● What you have to do: Below are entries. Give back exactly the lines from the one containing "Place the slices" through the one containing "Exkluzívna železná pergola", inclusive, without the pictures.

● The data:

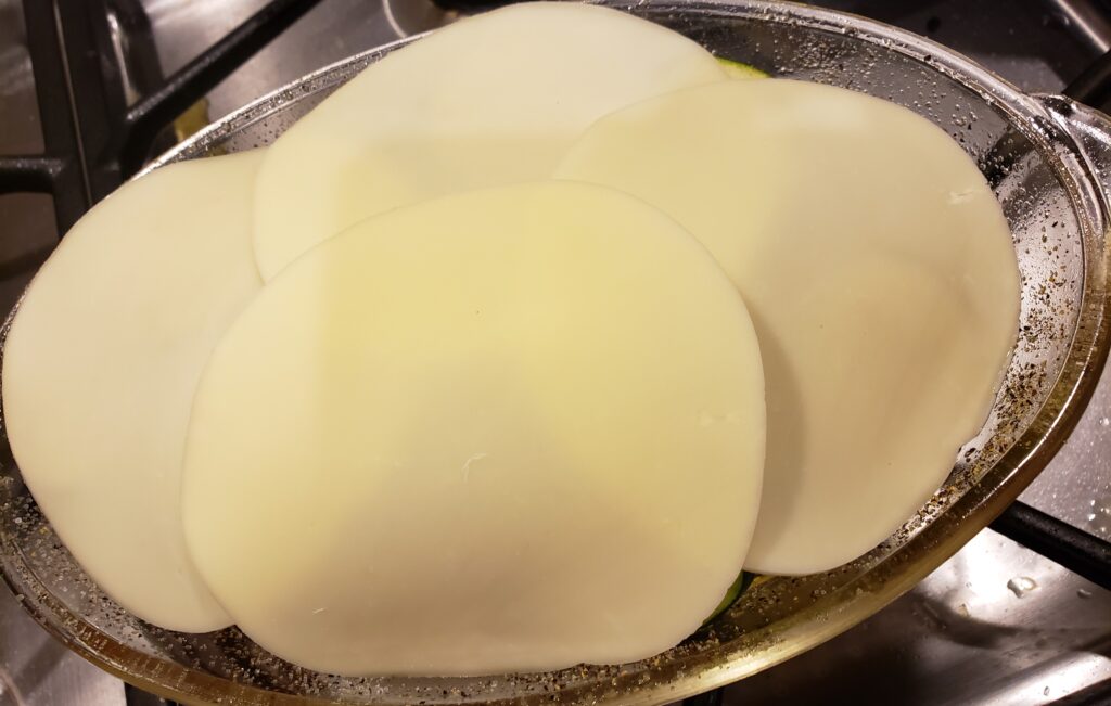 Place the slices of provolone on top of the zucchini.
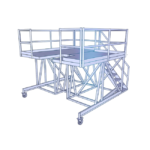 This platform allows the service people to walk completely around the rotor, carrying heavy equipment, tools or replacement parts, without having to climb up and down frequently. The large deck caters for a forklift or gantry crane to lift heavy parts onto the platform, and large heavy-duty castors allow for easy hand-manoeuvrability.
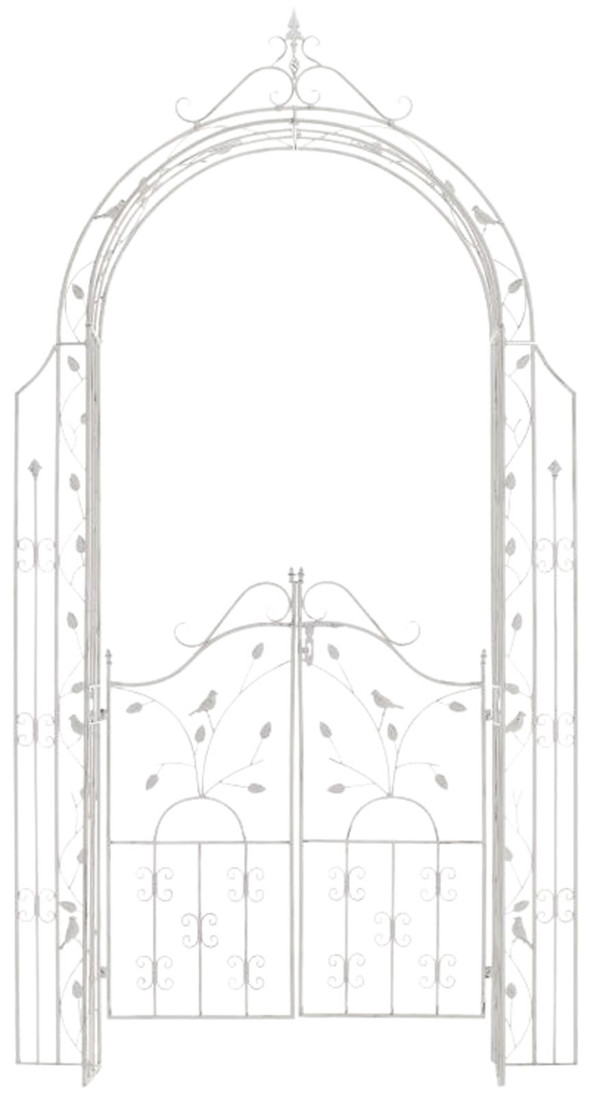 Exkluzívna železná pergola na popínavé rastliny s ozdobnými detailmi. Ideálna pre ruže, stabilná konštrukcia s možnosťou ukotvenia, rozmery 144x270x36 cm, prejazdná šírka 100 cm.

* * *

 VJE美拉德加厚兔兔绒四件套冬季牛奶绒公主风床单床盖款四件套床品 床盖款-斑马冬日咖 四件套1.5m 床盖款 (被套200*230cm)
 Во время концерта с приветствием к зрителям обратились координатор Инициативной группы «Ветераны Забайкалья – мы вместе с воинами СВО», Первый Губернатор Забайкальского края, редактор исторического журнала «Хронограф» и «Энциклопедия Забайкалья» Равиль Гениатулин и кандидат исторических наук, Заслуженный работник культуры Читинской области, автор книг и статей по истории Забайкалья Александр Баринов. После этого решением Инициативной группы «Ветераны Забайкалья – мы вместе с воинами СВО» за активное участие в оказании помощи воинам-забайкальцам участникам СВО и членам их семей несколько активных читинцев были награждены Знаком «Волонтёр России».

● Task response:
 Place the slices of provolone on top of the zucchini.
 This platform allows the service people to walk completely around the rotor, carrying heavy equipment, tools or replacement parts, without having to climb up and down frequently. The large deck caters for a forklift or gantry crane to lift heavy parts onto the platform, and large heavy-duty castors allow for easy hand-manoeuvrability.
 Exkluzívna železná pergola na popínavé rastliny s ozdobnými detailmi. Ideálna pre ruže, stabilná konštrukcia s možnosťou ukotvenia, rozmery 144x270x36 cm, prejazdná šírka 100 cm.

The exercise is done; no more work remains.